4. Simulated Experiments

Through a series of simulated experiments, the sensor-fusion-level integrity monitor is highlighted. A moving platform starts at the origin and traverses the reference trajectory shown in Figure 7a in a counter-clockwise direction. When the platform revisits the starting point, it successfully detects a loop closure.

4.1. Fault Detection for Pure VO Navigation

In the first experiment, a dynamic obstacle is observed by the moving platform, which would mislead a singular RANSAC filter. The sensor-level IM scheme as discussed in Section 3.1 detects that two hypotheses can be generated based on this dynamic scene. A copy of the original factor graph is generated to keep track of this second hypothesis:

As long as no loop closure is detected, no measurement redundancy is established and the global fusion-level IM can not point out which hypothesis is best, as $q^2$ is zero for both hypotheses shown in Figure 7b. However, when a loop closure occurs, measurement redundancy is established and the fusion-level integrity monitor finds that hypothesis 1, which includes the faulty visual factors, now returns a non-zero value for weighted residual $q^2$, while the graph for hypothesis 2 still has a residual score of zero, as measurement noise is not modelled in this simulated experiment. Recall that the actual value of the score is not meaningful yet; it is only used to determine which of the two hypotheses is most likely. In this way, this method returns a solution that all observed sensor measurements maximally agree with. Note that this strategy of solving multiple factor graphs in real time is feasible, as optimizing a graph consisting of 360 poses and 361 links takes approximately 133 milliseconds on a typical PC platform.

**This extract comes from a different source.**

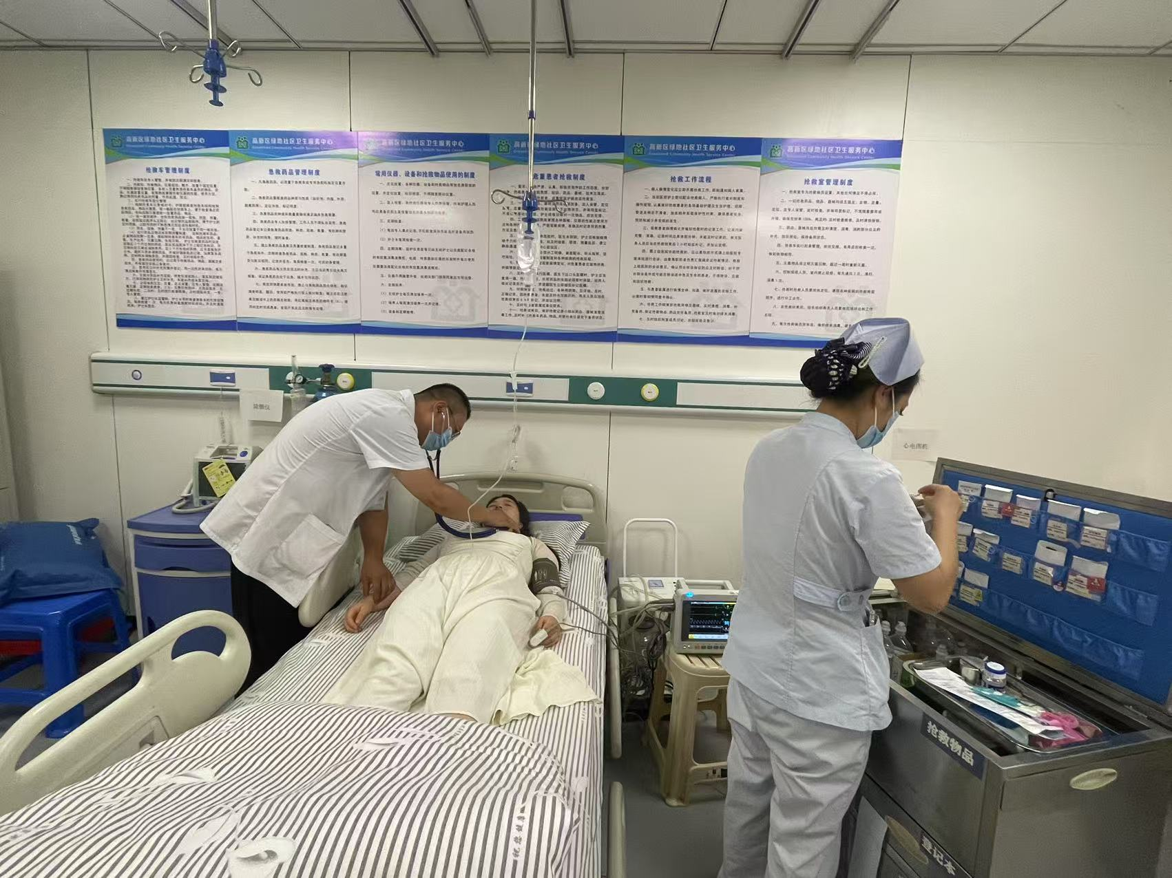 接到报告后,医护人员迅速抵达现场,同步开展抢救工作:实时监测生命体征、快速建立静脉通路、遵医嘱精准用药,同时立即开放气道、给予吸氧以维持呼吸道通畅,整个抢救过程紧张有序、配合默契。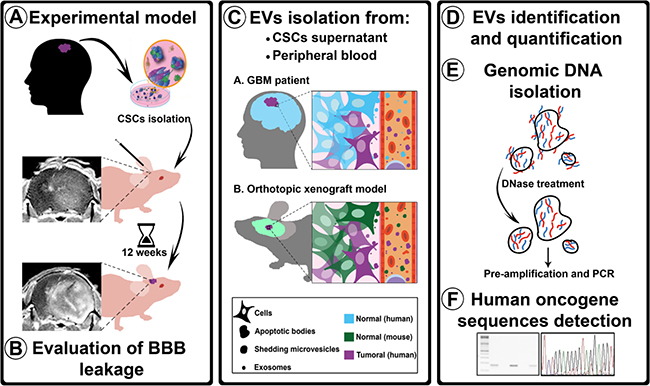 Figure 1: Experimental procedure flowchart. A. Isolated hCSCs from 2 GBM patients were xenotransplanted in athymic mice. After 12 weeks, the animals were transcardially perfused. B. BBB permeability was evaluated using three assays: MRI, Evans Blue staining, and albumin extravasation. C. EVs (ABs, SMVs, and EXOs) were isolated from hCSCs-enriched culture supernatants and from mouse peripheral blood. D. EVs were identified using TEM, tracking analysis, and CD63 tetraspanin quantification. E. To ensure that the analyzed DNA was confined within the EVs, supernatants and plasma were treated with DNase before gDNA isolation; after the isolation, gDNA was pre-amplified before performing PCR analysis with human-specific primers. F. Sequences detected were sequenced to confirm their human origin.

4.2. Fault Detection for GNSS/VO-Fusion Based Navigation

A second experiment was conducted in a static environment where VO works well but GNSS measurements are affected by a linear building positioning error in the positive y-direction. In this experiment, there are no multiple hypotheses, but the global measurement redundancy caused by sensor multimodality is leveraged. Figure 8a illustrates that, before the loop closure, the optimization residuals are already non-zero, but is not yet possible to determine which sensor is producing faulty measurements. After the detected loop closure, shown in Figure 8b, the IM may conclude with some certainty that GNSS measurements are off since the loop closure is heavily contradicting the last GNSS pose. Still, a combination of VO drift and a false loop closure might also yield this result. By adding more sensor modalities such as a LiDAR or IMU, fault identification and exclusion can be done with increasing certainty.

5. Conclusions and Discussion

This work demonstrates a framework for integrity monitoring for graph-based SLAM systems to address critical challenges posed by dynamic environments. Through real and simulated experiments, it is shown how multiple hypotheses can be generated based on the identification of subsets in the complete feature measurement set and how these hypotheses can be resolved, using a fusion-level integrity monitoring algorithm. Since the proposed framework is based on factor graphs, it is sensor-agnostic. This is crucial for high-integrity and accuracy-demanding applications, where a multimodal sensor fusion is required to protect against the surplus of fault modes that can be expected in urban environments with potentially present interference. Certain remaining limitations to be addressed in future work are as follows:

• Accurate estimation of the VO noise model by adequate estimation of the covariance matrix, which is needed to calculate mathematically funded protection levels.
• Estimation of the direction and magnitude of spoofed GNSS signals to correct historical GNSS data for optimal position estimation.
• Incorporation of a feedback loop from the fusion-level IM to the sensor-level IM. When inconsistencies are detected on a global scale, the local sensor-level IM could be tasked to specifically investigate the conflicting measurements in a separate thread.